Ever since the Premier League came into existence, acceptance has been the norm for many fans.
First, we accepted the rising dominance of Manchester United under Sir Alex Ferguson. Then we accepted the rise of the top four and then the top six when that came along. We also accept the rising transfer fees and wages that now dominate the game. It’s the way things are and we’ve grown accustomed to it.
The top six are what they are; breaking into that select group is extremely difficult. Some clubs have more money than others and better players. It is those who are often found at the top of the pile breaking up the monopoly, flipping over the board and changing the status quo is unlikely to ever happen.
Daring to dream is not a crime
Yet, in 2015-16, Vichai Srivaddhanaprabha and Leicester City proved that is could be done. They showed us that lying down and accepting how things are is not how it should be. The Thai billionaire and his Foxes taught all Premier League fans that daring to dream is not a crime. He taught us that there is no point in the so-called beautiful game if we don’t dare to dream big. Doing so is not the sole property of the football elite.

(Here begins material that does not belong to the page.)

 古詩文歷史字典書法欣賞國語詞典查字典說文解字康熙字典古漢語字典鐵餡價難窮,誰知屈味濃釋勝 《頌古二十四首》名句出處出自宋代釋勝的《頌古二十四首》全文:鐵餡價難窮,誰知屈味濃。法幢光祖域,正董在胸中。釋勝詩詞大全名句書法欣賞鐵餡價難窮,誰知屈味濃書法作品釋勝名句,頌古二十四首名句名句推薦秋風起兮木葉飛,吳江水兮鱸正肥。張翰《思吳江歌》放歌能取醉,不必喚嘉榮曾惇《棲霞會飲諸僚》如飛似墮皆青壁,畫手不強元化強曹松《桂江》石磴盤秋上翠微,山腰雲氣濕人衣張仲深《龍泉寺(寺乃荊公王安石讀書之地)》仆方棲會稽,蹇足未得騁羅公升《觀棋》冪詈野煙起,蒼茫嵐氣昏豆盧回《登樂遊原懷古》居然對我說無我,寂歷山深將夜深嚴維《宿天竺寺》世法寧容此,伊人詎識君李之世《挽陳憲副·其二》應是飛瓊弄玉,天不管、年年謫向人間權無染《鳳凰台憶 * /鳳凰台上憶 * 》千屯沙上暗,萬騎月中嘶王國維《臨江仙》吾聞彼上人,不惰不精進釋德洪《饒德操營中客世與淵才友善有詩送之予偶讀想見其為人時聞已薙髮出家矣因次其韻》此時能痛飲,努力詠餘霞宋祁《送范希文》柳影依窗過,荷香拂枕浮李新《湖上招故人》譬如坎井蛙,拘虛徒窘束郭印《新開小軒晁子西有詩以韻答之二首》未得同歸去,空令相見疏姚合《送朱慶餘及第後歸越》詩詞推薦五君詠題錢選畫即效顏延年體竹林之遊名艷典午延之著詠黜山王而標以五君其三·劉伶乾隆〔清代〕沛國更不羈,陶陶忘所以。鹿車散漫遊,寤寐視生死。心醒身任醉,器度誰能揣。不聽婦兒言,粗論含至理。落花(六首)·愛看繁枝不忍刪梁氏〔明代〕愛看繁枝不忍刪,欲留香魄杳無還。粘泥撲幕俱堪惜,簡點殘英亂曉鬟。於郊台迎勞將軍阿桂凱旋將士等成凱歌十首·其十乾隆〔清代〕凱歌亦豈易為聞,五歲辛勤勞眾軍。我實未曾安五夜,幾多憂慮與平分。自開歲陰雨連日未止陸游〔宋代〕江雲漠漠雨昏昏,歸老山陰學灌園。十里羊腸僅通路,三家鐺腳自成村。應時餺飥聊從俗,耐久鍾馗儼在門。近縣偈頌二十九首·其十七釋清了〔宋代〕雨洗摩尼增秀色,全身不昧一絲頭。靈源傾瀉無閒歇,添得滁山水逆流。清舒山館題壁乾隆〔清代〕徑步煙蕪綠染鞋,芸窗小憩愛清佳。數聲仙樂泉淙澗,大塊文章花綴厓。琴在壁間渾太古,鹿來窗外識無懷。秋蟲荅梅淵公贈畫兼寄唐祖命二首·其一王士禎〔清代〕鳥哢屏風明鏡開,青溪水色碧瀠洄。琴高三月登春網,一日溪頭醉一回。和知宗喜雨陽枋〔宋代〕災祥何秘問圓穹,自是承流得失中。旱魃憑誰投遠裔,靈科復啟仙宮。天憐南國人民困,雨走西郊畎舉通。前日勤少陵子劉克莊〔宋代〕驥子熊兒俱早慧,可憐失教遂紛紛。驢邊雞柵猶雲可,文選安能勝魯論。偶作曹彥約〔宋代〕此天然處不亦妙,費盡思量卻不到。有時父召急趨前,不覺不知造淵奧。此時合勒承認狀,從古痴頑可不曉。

We sniggered behind our hands when the Leicester chairman declared his intention to see them in the top four within three years. Who did this guy think he was? It simply doesn’t work that way. England’s top flight would make a mockery of ideas like that.
That proved to be the Premier League’s own Susan Boyle moment. Those of us who laughed weren’t doing so when three years later they broke through that glass ceiling and kept rising all the way to the top. Everest had a Leicester City flag upon it.

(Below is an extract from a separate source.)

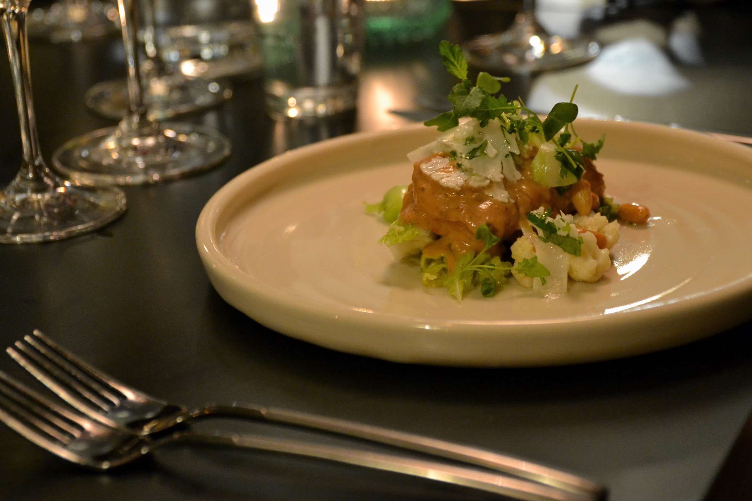 Despite not really being a fan of peanut-based sauces, the fried pike-perch in satay saucy that was served as (the first) main course, was very enjoyable. I probably wouldn’t have ordered this myself given a choice, but this is exactly how you are surprised sometimes. The wine pairings for the evening were absolutely exquisite, especially the German Riesling that was recommended is something I could definitely have a couple of bottles at home of.

Only he and his jubilant Leicester family were laughing. The rest of us were left watching and admiring. Everyone was a Leicester City fan on that day. Even their most bitter rivals were willing to concede a wry smile. That’s the way it is when the underdog comes out on top. The Foxes had done what the rest of the league daren’t dream about. Not only that, they had done it in style, winning the league by ten points and putting the ‘big’ teams to the sword on one more occasion.
Expectations have been fundamentally changed forever
Their success is English football’s greatest, and most unlikely, success story. In sporting miracles, it’s up there with the best of them. It served as an inspiration to the rest of the league. No longer do clubs of Leicester’s size believe they cannot do it. Expectations have been fundamentally changed forever. Even the bookmakers learned a valuable lesson that year.
Hopes and dreams are what make up football’s core and without them it is nothing. Every fan travelling to a game is filled with it. Hope their side will do well; hope they’ll see something special. Its part of the fabric of the game; it’s what makes us all love it.
For many a year, the hope, the daring to dream had been taken away. Monotony and acceptance had become the norm. Vichai Srivaddhanaprabha changed all that. He dared to hope, to dream and in the end, was rewarded for both.
As the tributes pour in it has become clear that Leicester’s owner was a great man away from the football community too. His charitable donations and work to help the city of Leicester grow and develop dwarf what he did with the club. The 61-year-old was a man who loved to give to others.
English football has lost a great man; one who taught us all that even the biggest dreams can come true if you just have a little hope.